• What the task requires: Could every line below be transcribed exactly, with the pictures dropped?

(Source records)
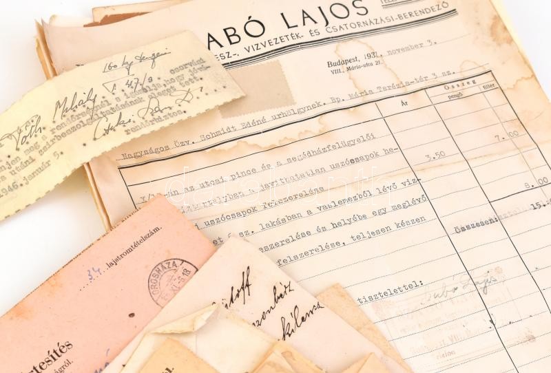 Leírás: Vegyes papírrégiség tétel (számlák, fizetési értesítés, stb.)
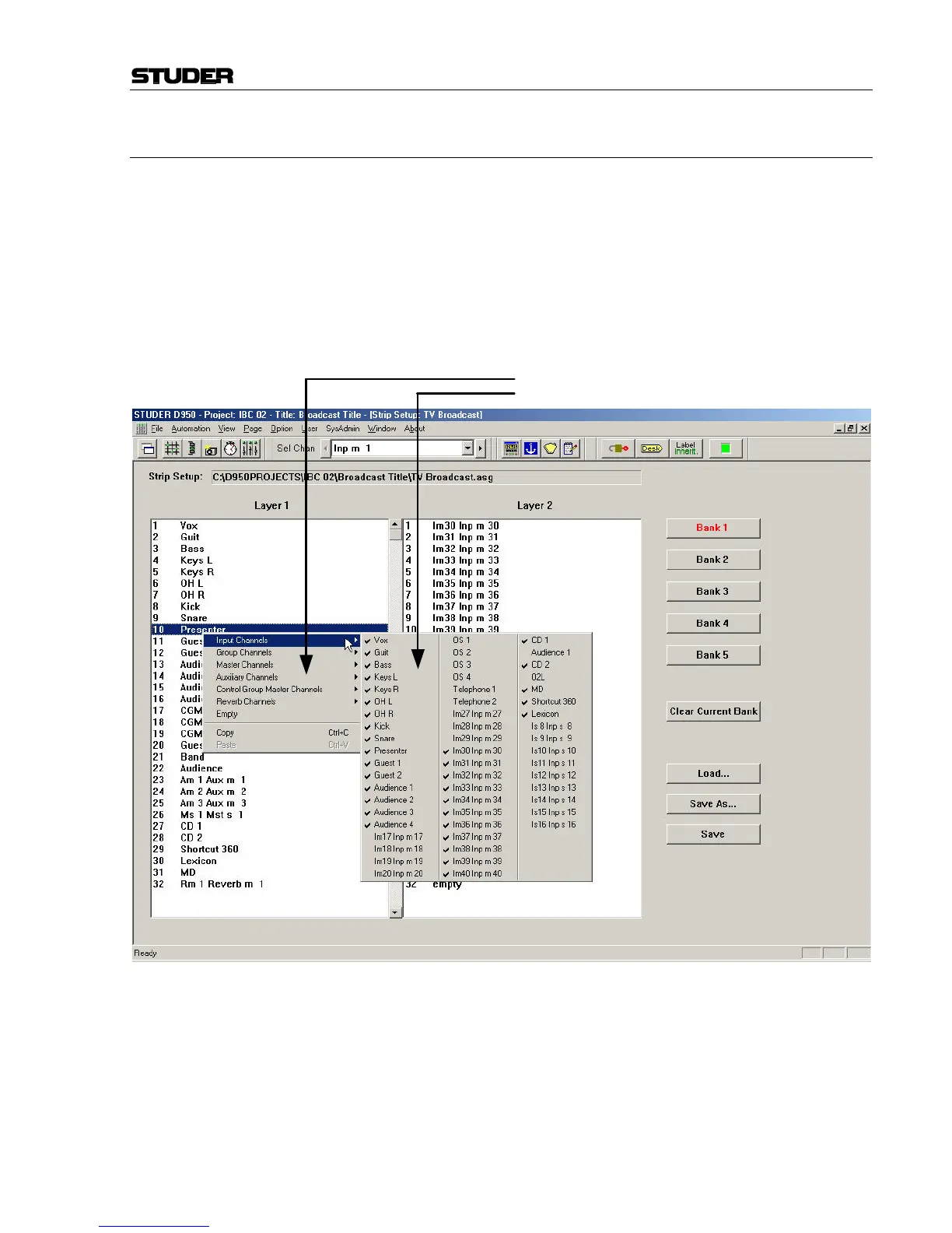 display the two Layers of that particular Bank, and the current Strip As-
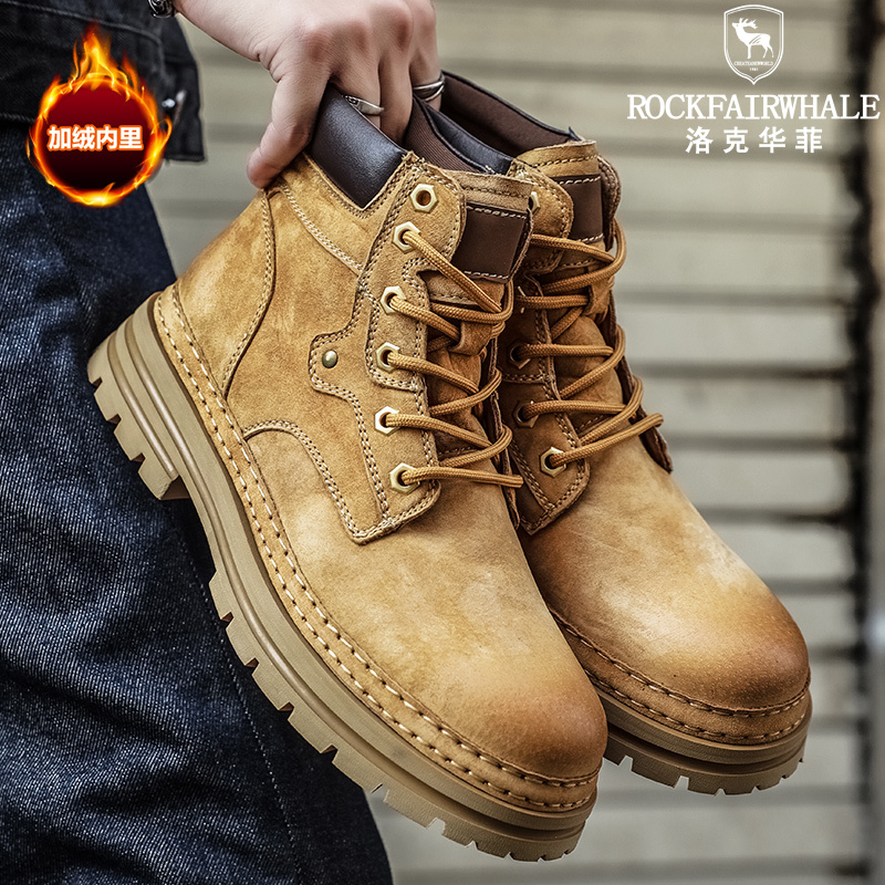 洛克华菲马丁靴男款冬季英伦风高帮工装靴男士中帮运动耐磨休闲沙漠大黄靴 金黄加绒 42码¥1158.00热销中 -
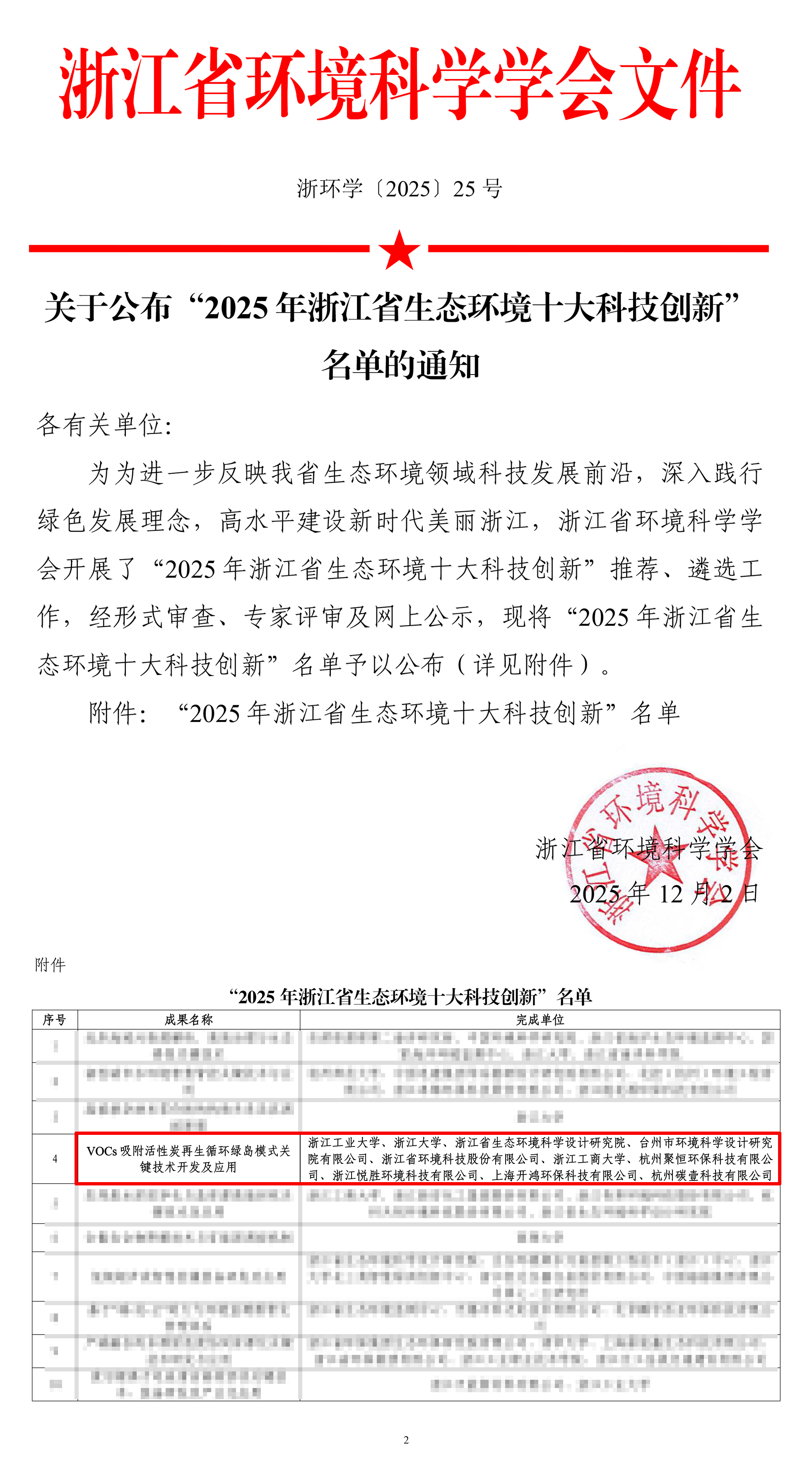 2025年12月2日,浙江省环境科学学会正式发布“2025年浙江省生态环境十大科技创新”名单,浙江工业大学、浙江大学、浙江省生态环境科学设计研究院、上海开鸿环保科技有限公司等10余家高校及科研、环保单位共同推进的《VOCs吸附活性炭再生循环绿岛模式关键技术开发及应用》成功入选!作为参与单位之一,开鸿环保此次携手省内顶尖高校及科研机构斩获省级荣誉,既是省级权威机构对公司技术实力与创新成果的高度认可,更标志着公司在工业污染治理“资源化循环”与“企业降本增效”领域的实践,已获得行业与主管部门的充分肯定。
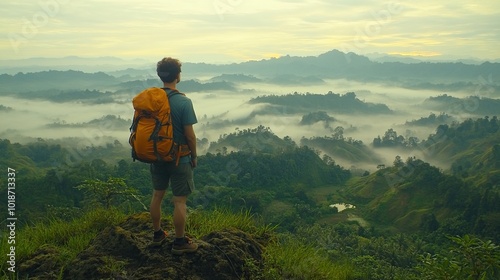 © arsyi_06, Naklejka premium Hiker overlooking misty mountain landscape.
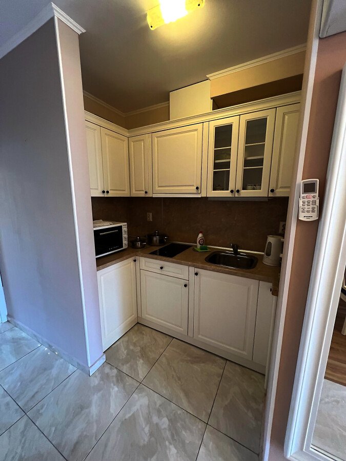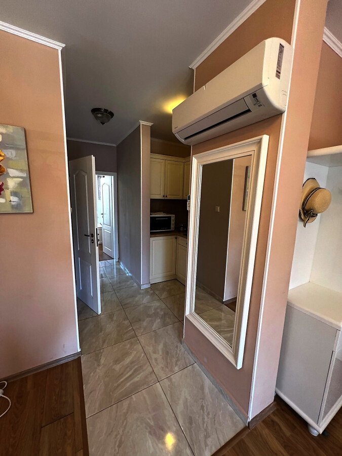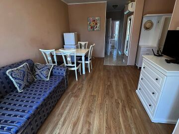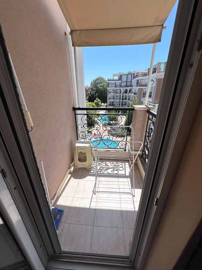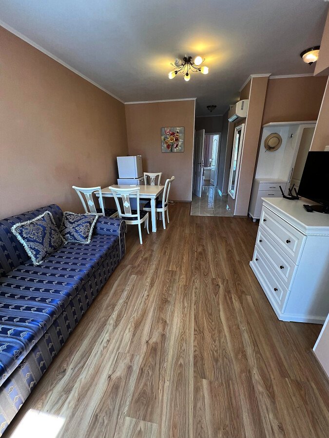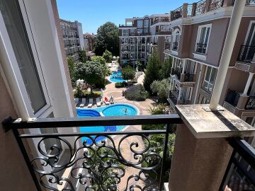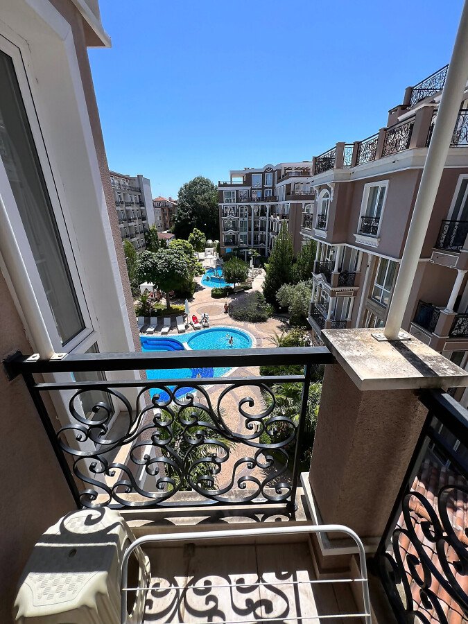 Предлагаме за продажба прекрасен двустаен апартамент с гледка към басейна във впечатляващия комплекс „Изида Палас“. Архитектурата и дизайнът на този комплекс са като на дворец, което се подразбира от името му. Намира се в морския курорт Слънчев бряг, само на 400 метра пешеходно разстояние от плажната ивица и морето.
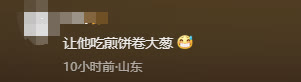 吉林的網友說:來吧,請他吃大蔥蘸大醬。
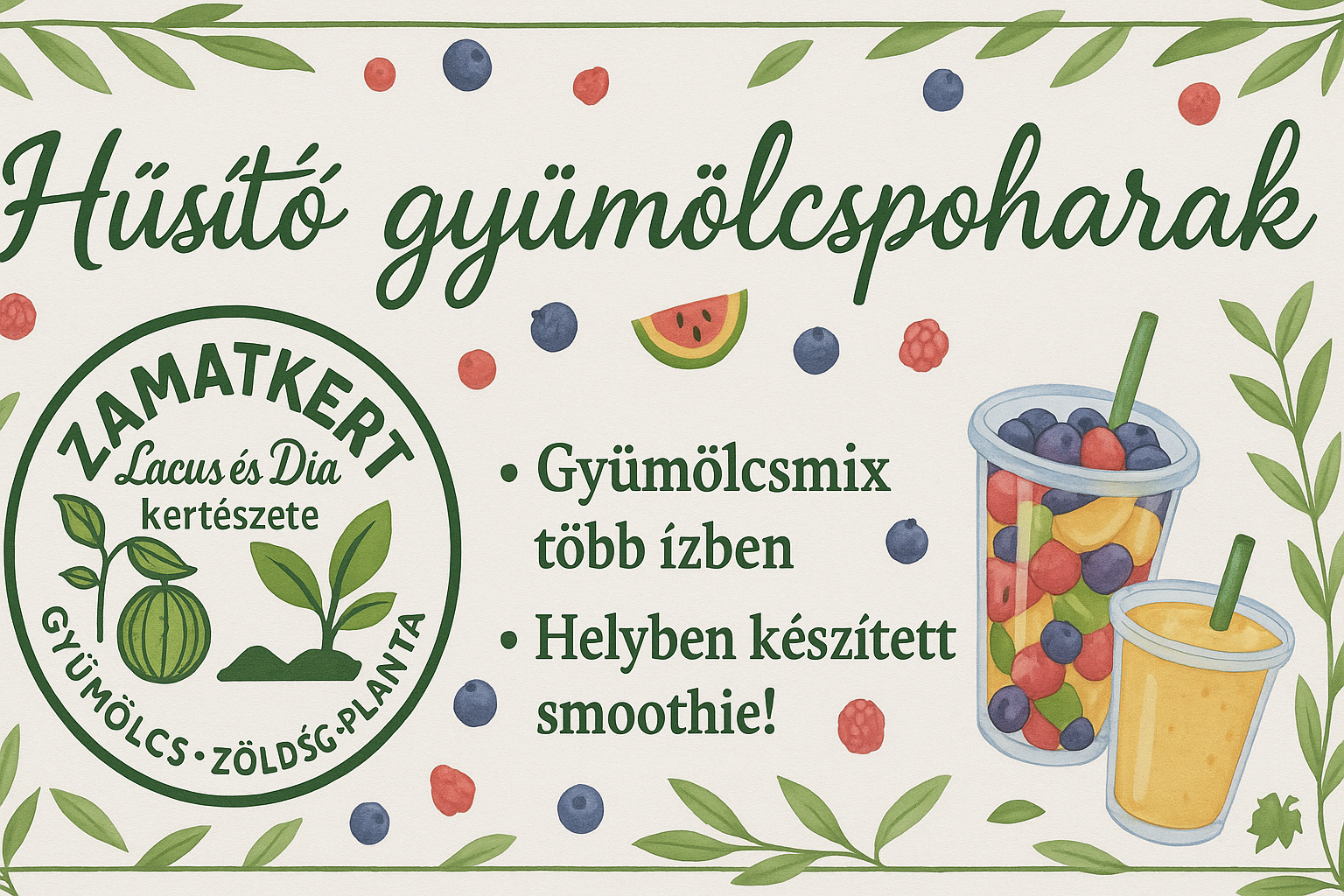 Zamatkertként már évek óta foglalkozunk gyümölcs- és zöldségtermesztéssel Nagykereki régiójában.Termékeink csakis kizárólag saját, valamint hazai termelők által gondosan válogatott minőségi gyümölcseikből készülnek. Gyümölcs mixeink 300 és 500 ml -es shakerpohárba, lehűtve kínáljuk akár különböző ízű öntettel, vagy helyszínen frissen túrmixolva, fűszerezve smothiekènt! Mixeink nem tartalmaznak hozzáadott cukrot, szinezèket, tartósítószert.Baba barát termèkünk kisbabák számára is fogyasztható, ezt mosolygó baba ikon jelzi a mix név mellet.

• Solution to this task:
 Leírás: Vegyes papírrégiség tétel (számlák, fizetési értesítés, stb.)
 display the two Layers of that particular Bank, and the current Strip As-
 洛克华菲马丁靴男款冬季英伦风高帮工装靴男士中帮运动耐磨休闲沙漠大黄靴 金黄加绒 42码¥1158.00热销中 -
 2025年12月2日,浙江省环境科学学会正式发布“2025年浙江省生态环境十大科技创新”名单,浙江工业大学、浙江大学、浙江省生态环境科学设计研究院、上海开鸿环保科技有限公司等10余家高校及科研、环保单位共同推进的《VOCs吸附活性炭再生循环绿岛模式关键技术开发及应用》成功入选!作为参与单位之一,开鸿环保此次携手省内顶尖高校及科研机构斩获省级荣誉,既是省级权威机构对公司技术实力与创新成果的高度认可,更标志着公司在工业污染治理“资源化循环”与“企业降本增效”领域的实践,已获得行业与主管部门的充分肯定。
 © arsyi_06, Naklejka premium Hiker overlooking misty mountain landscape.
 Предлагаме за продажба прекрасен двустаен апартамент с гледка към басейна във впечатляващия комплекс „Изида Палас“. Архитектурата и дизайнът на този комплекс са като на дворец, което се подразбира от името му. Намира се в морския курорт Слънчев бряг, само на 400 метра пешеходно разстояние от плажната ивица и морето.
 吉林的網友說:來吧,請他吃大蔥蘸大醬。
 Zamatkertként már évek óta foglalkozunk gyümölcs- és zöldségtermesztéssel Nagykereki régiójában.Termékeink csakis kizárólag saját, valamint hazai termelők által gondosan válogatott minőségi gyümölcseikből készülnek. Gyümölcs mixeink 300 és 500 ml -es shakerpohárba, lehűtve kínáljuk akár különböző ízű öntettel, vagy helyszínen frissen túrmixolva, fűszerezve smothiekènt! Mixeink nem tartalmaznak hozzáadott cukrot, szinezèket, tartósítószert.Baba barát termèkünk kisbabák számára is fogyasztható, ezt mosolygó baba ikon jelzi a mix név mellet.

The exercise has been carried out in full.